▶ _TASK INPUTS_
┄┄┄┄┄┄┄┄┄┄

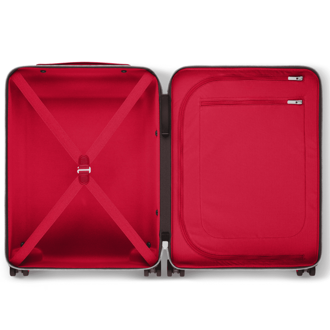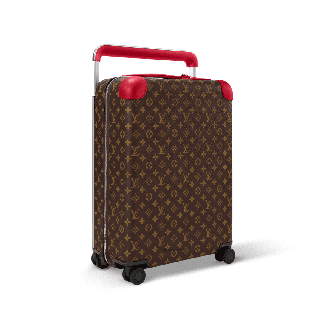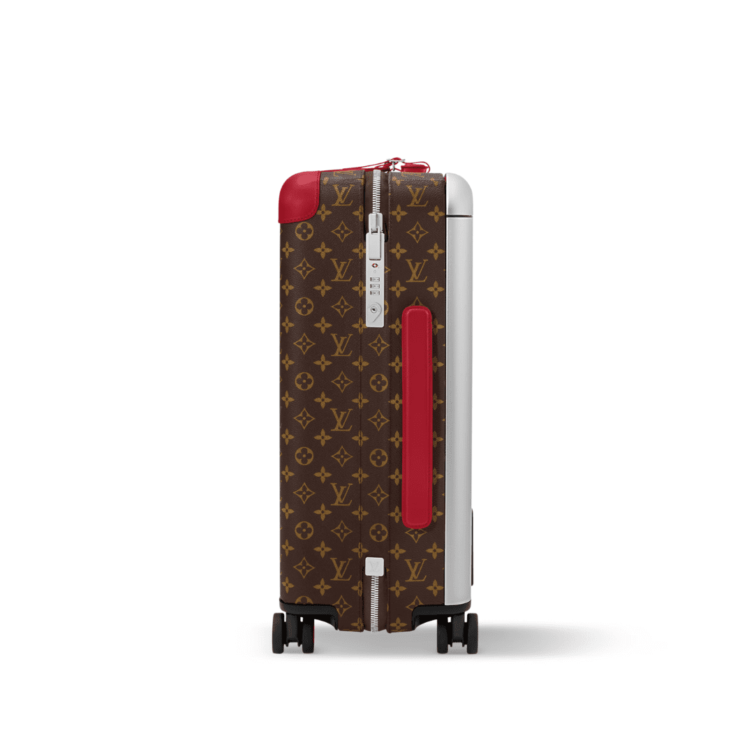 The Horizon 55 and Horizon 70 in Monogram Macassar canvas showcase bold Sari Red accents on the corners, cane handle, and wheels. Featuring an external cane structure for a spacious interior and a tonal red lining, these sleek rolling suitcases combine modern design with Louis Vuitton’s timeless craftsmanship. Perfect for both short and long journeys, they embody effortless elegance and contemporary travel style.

┄┄┄┄┄┄┄┄┄┄

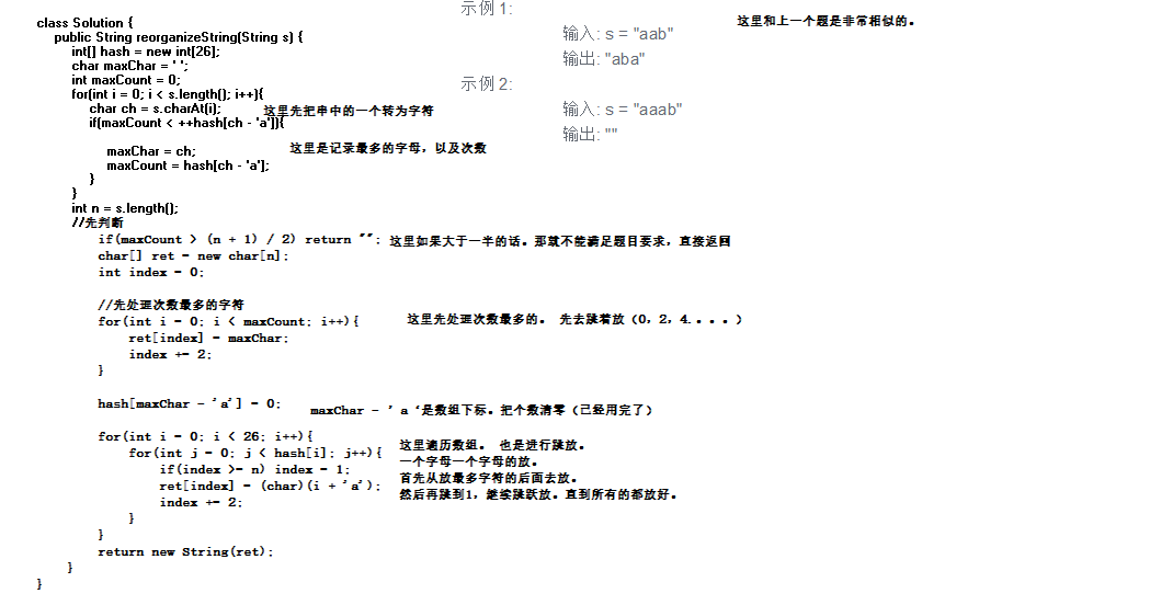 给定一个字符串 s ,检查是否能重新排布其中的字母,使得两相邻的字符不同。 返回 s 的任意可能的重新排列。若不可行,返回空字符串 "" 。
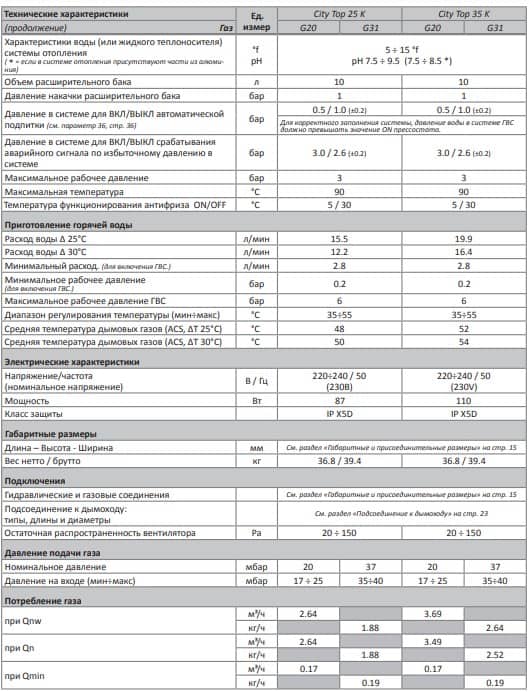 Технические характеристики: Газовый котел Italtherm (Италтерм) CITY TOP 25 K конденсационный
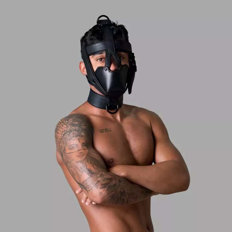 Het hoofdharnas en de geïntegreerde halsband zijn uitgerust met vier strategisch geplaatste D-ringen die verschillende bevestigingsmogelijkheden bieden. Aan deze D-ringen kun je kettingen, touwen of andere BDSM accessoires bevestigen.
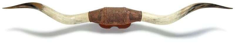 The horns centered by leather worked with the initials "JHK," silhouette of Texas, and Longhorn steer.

┄┄┄┄┄┄┄┄┄┄

▶ _EXERCISE AIM_
Only the lines above from the one with "给定一个字符串 s ,检查是否能重新排布其中的字母,使得两相邻的字符不同。" to the one with "Технические характеристики: Газовый" should be printed, both included and exactly as written; no picture belongs in the copy.

▶ _EXPECTED OUTPUT_
 给定一个字符串 s ,检查是否能重新排布其中的字母,使得两相邻的字符不同。 返回 s 的任意可能的重新排列。若不可行,返回空字符串 "" 。
 Технические характеристики: Газовый котел Italtherm (Италтерм) CITY TOP 25 K конденсационный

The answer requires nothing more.